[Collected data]
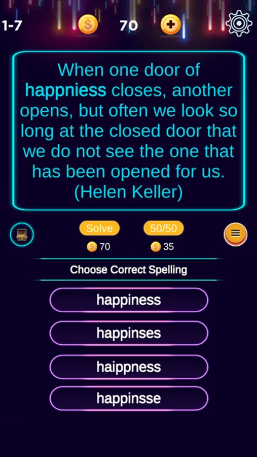 Guess the spelling learning with motivational quotes. Education with fun you can learn English spelling without any stress and your motivation level goes up every morning. It is meaningful and every day useful, productive and increases your English language level with guess the spelling.
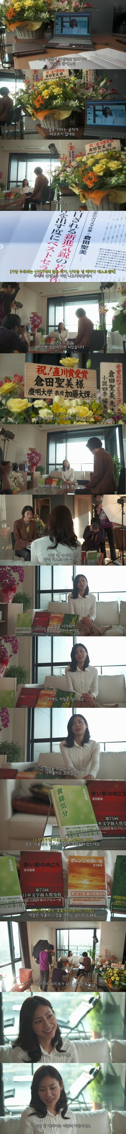 여주의 직업은 소설가로 유명한 상을 받아서 인터뷰를 진행함.
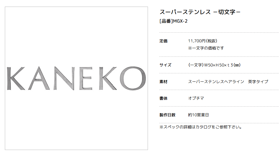 美濃クラフト MGX-2 1文字の金額です スーパーステンレス -キリモジ- SUPER STAINLESS -切文字-
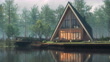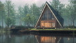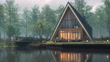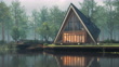 Triangulaire Moderne Lake House à l’automne - Vidéo 4K
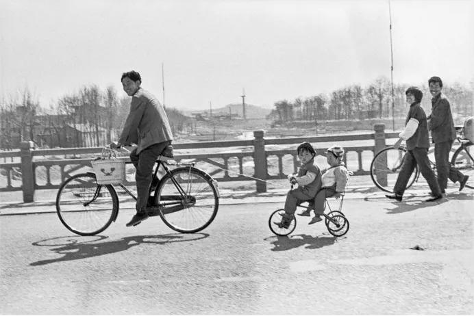 1980年代,李村河桥上“爸爸骑车、孩子牵引”,这一时期,自行车是当时主流交通工具。
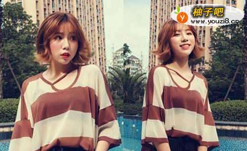 这款发尾设计成非常明显的外翘短波波头甜美度特别的高,头发的长度刚刚在脸蛋下边的位置,额前随性的轻薄空气刘海很好的修饰了脸型,加上奶茶或者棕咖色的发色,更加的灵动可人呢。
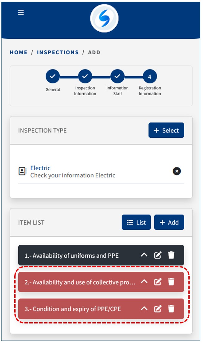 If one or more Types of Inspection are selected, proceed to select the reviewed Items. Select the list option to add the types of Items:
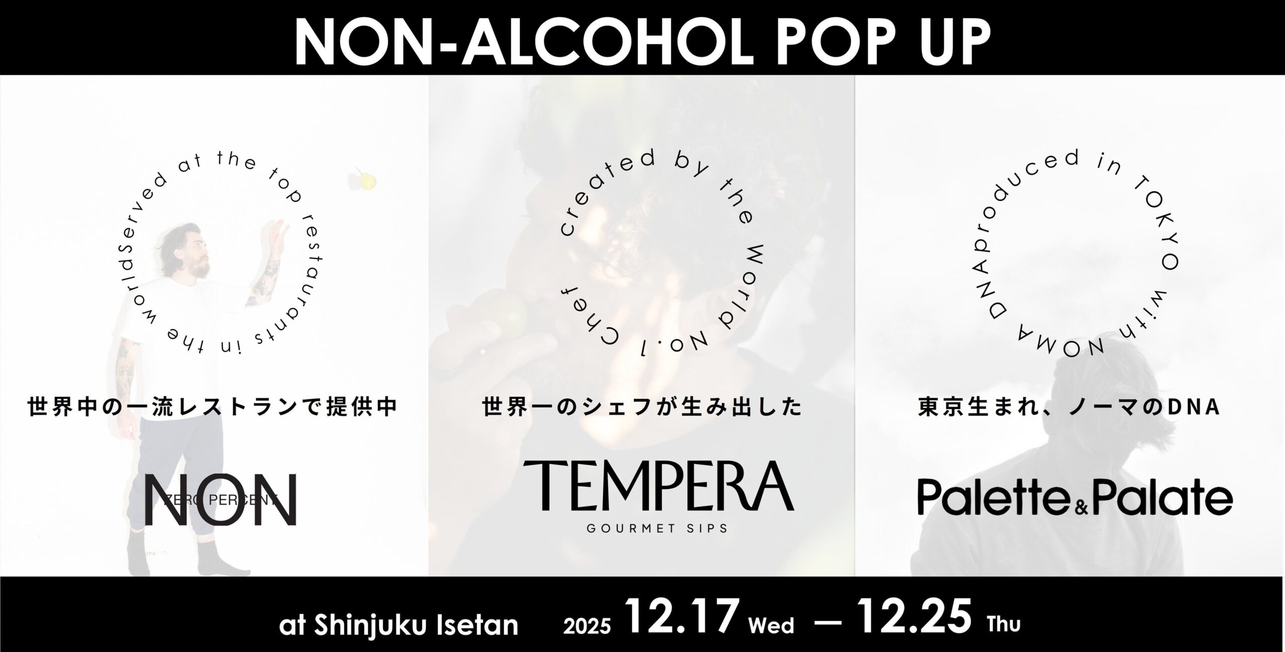伊勢丹新宿店本館地下1階シェフズセレクションプロモーションコーナーで、2025年12月17日~25日に同コーナーとして初となるノンアルコール飲料専門ポップアップが開かれます。営業時間は10時~20時で、世界的レストラン関係者が関わる3ブランドの「ワインオルタナティブ(ワイン代替飲料)」を期間限定で展開します。
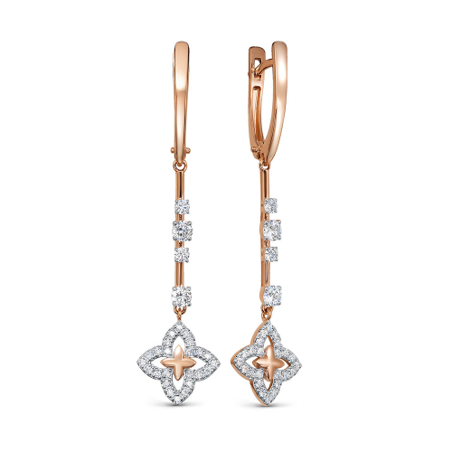 Элегантные и лаконичные, удлинённые серьги выполнены с сочетанием красного и белого золота 585 пробы, украшены сверкающими фианитами
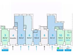 Общая площадь - 20,5 м² на 1-м этаже 5-ти этажного жилого дома. Открытая планировка, высота потолков - 4,5 м. Отдельная входная группа с фасада в блок с 1-й линии, есть входы со двора. Все городские инженерные коммуникации.
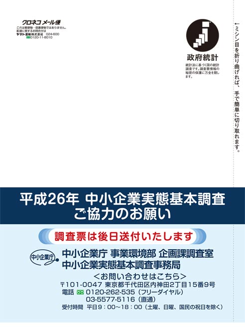 2014/08/04 平成26年中小企業実態基本調査のお願い 中小企業庁から平成26年中小企業実態基本調査の周知依頼が ありましたのでお知らせいたします。 この調査は、創業・新事業に挑戦する中小企業への支援、中 小企業の人材育成・活用、中小企業金融の多様化・円滑化と中 小企業の再生支援、商店街・中心市街地活性化などの施策の企 画・立案及び実施のため、中小企業基本法に基づいて「中小企 業庁」が実施する、中小企業関連統計の基本となる調査です。 8月に、調査対象業種に含まれる全国約360万の中小企業 者から選定された約11万社を対象に当調査が実施されます。 選定された事業者のみな様には、調査へのご協力をいただき ますよう、ようよろしくお願いいたします。 ※添付の画像が印字された封筒が直接事業所あて郵送されてき ます。 ※ご不明な点は、封筒に印字の問合せ先もしくは下記の問合せ 先までお電話ください。 (1)調査内容 企業概要、平成25年度決算状況等 (2)提出期限 平成26年8月29日(金) (3)調査結果 平成27年3月に速報、同6月に確報の公表 (4)問合せ先 平成26年中小企業実態基本調査事務局 TEL:0120−262−535(フリーダイヤル) 03−5577−5116(直通) まで ◎関連リンク ◎関連ファイル |
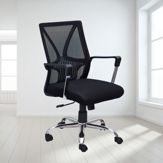 Explore our range of cushioned Black Mesh executive chair with ss wheelbase & buy it at best price in India from VJ Interior (leading manufacturers, suppliers, and exporters of an office chair). These high back office executive chairs give superior lumbar support, 360-degree swivel option and height adjustment facility. Some of them have waterfall front seat edges to ease the pressure from the lower legs and considerably improve circulation.
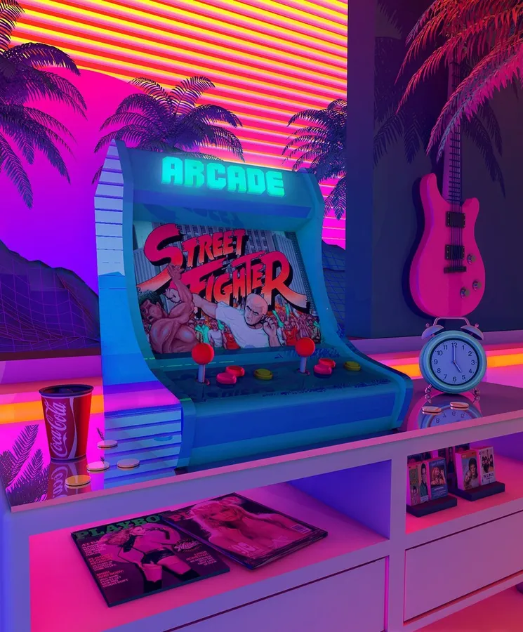 80s Retro Arcade Street Fighter Wallpaper
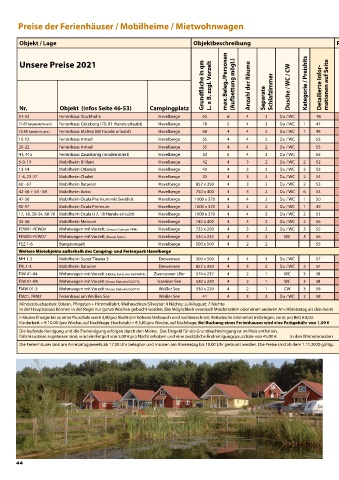 Preise der Ferienhäuser / Mobilheime / Mietwohnwagen Erläuterungen der Abkürzungen: Du/WC: mit Dusche/WC im Objekt;

▶ _Prompt_:
Each line from the one containing "Explore our range" through the last line of the entries above is to be extracted exactly. Pictures are not part of the copy.

▶ _Exercise solution_:
 Explore our range of cushioned Black Mesh executive chair with ss wheelbase & buy it at best price in India from VJ Interior (leading manufacturers, suppliers, and exporters of an office chair). These high back office executive chairs give superior lumbar support, 360-degree swivel option and height adjustment facility. Some of them have waterfall front seat edges to ease the pressure from the lower legs and considerably improve circulation.
 80s Retro Arcade Street Fighter Wallpaper
 Preise der Ferienhäuser / Mobilheime / Mietwohnwagen Erläuterungen der Abkürzungen: Du/WC: mit Dusche/WC im Objekt;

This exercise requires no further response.